_DIRECTIONS_:
Pictures aside, the data must be reproduced exactly.

===== DATA IN THIS EXERCISE =====

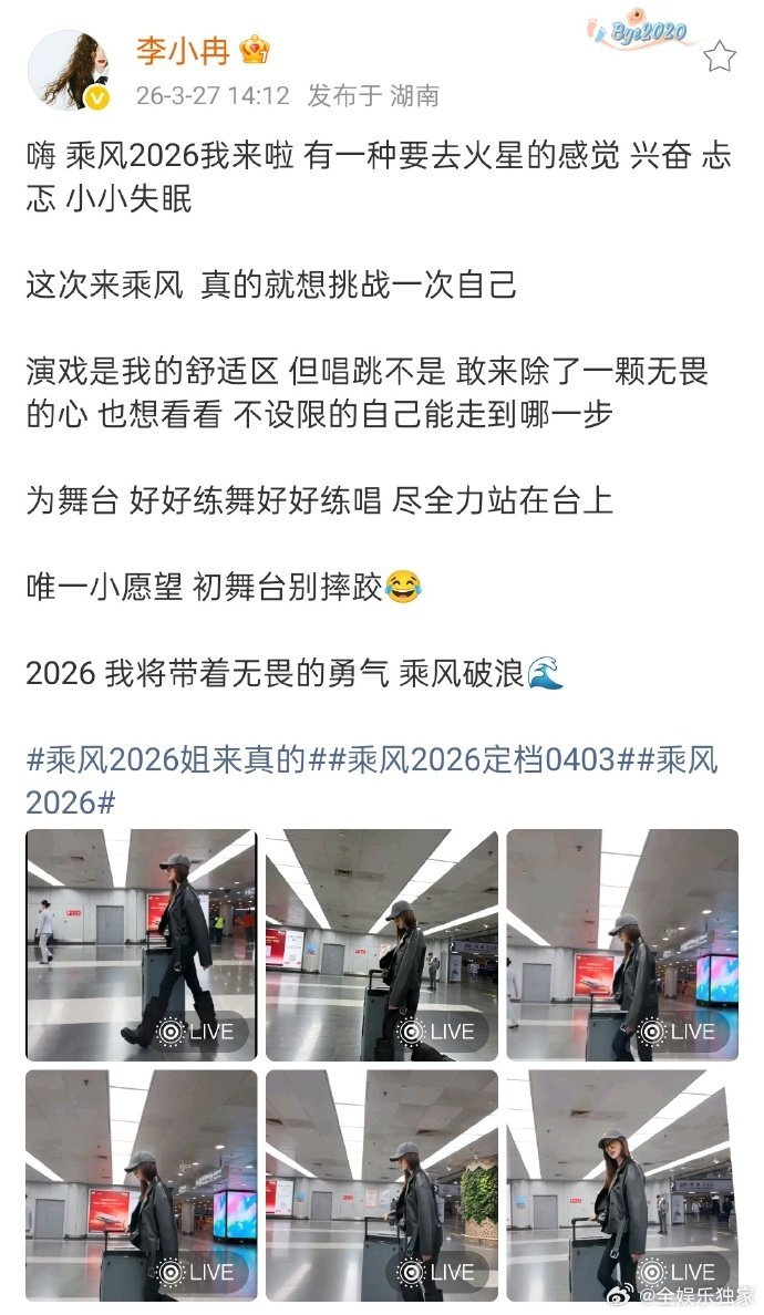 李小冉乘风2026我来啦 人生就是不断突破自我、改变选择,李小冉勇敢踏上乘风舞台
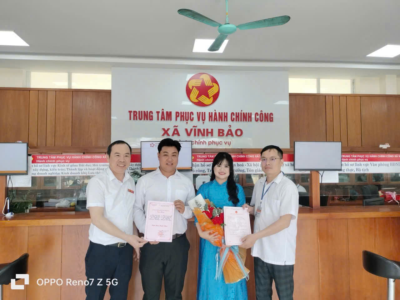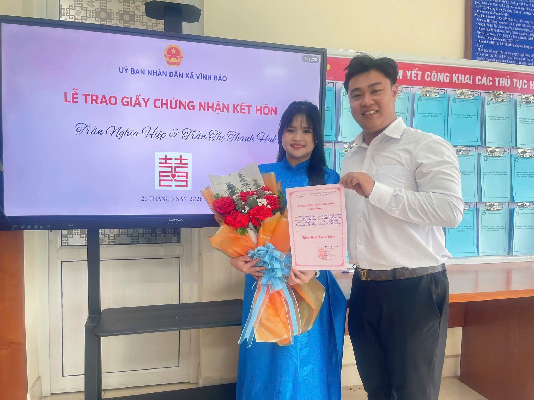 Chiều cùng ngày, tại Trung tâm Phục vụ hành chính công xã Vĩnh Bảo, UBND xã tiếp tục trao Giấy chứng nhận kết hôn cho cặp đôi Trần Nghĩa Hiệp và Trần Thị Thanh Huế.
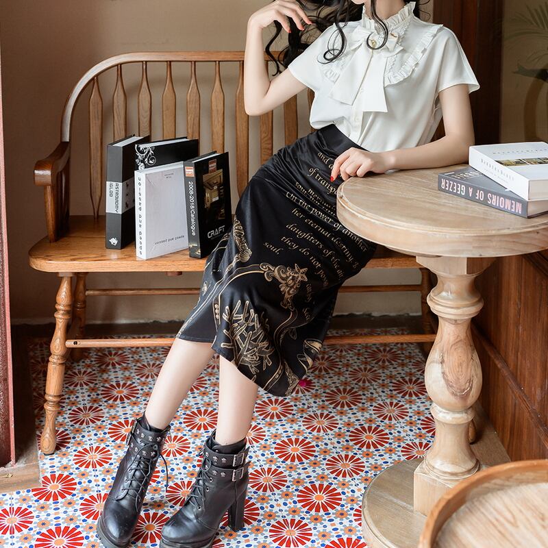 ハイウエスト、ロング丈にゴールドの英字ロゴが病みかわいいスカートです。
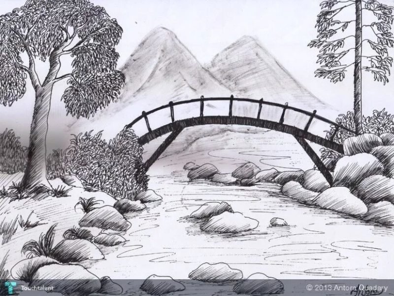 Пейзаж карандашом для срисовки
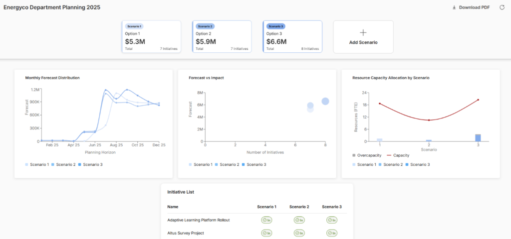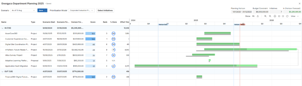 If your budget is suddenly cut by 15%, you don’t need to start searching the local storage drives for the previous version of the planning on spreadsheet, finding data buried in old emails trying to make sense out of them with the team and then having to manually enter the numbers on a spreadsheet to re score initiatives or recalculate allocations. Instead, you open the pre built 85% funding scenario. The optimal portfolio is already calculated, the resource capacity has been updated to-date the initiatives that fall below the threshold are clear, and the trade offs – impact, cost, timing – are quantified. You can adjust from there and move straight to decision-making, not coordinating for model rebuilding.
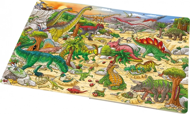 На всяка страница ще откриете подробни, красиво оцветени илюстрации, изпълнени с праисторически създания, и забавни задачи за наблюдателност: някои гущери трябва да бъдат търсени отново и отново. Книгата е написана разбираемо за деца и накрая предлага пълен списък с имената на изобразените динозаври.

=====

_ANSWER SPACE_:
 李小冉乘风2026我来啦 人生就是不断突破自我、改变选择,李小冉勇敢踏上乘风舞台
 Chiều cùng ngày, tại Trung tâm Phục vụ hành chính công xã Vĩnh Bảo, UBND xã tiếp tục trao Giấy chứng nhận kết hôn cho cặp đôi Trần Nghĩa Hiệp và Trần Thị Thanh Huế.
 ハイウエスト、ロング丈にゴールドの英字ロゴが病みかわいいスカートです。
 Пейзаж карандашом для срисовки
 If your budget is suddenly cut by 15%, you don’t need to start searching the local storage drives for the previous version of the planning on spreadsheet, finding data buried in old emails trying to make sense out of them with the team and then having to manually enter the numbers on a spreadsheet to re score initiatives or recalculate allocations. Instead, you open the pre built 85% funding scenario. The optimal portfolio is already calculated, the resource capacity has been updated to-date the initiatives that fall below the threshold are clear, and the trade offs – impact, cost, timing – are quantified. You can adjust from there and move straight to decision-making, not coordinating for model rebuilding.
 На всяка страница ще откриете подробни, красиво оцветени илюстрации, изпълнени с праисторически създания, и забавни задачи за наблюдателност: някои гущери трябва да бъдат търсени отново и отново. Книгата е написана разбираемо за деца и накрая предлага пълен списък с имената на изобразените динозаври.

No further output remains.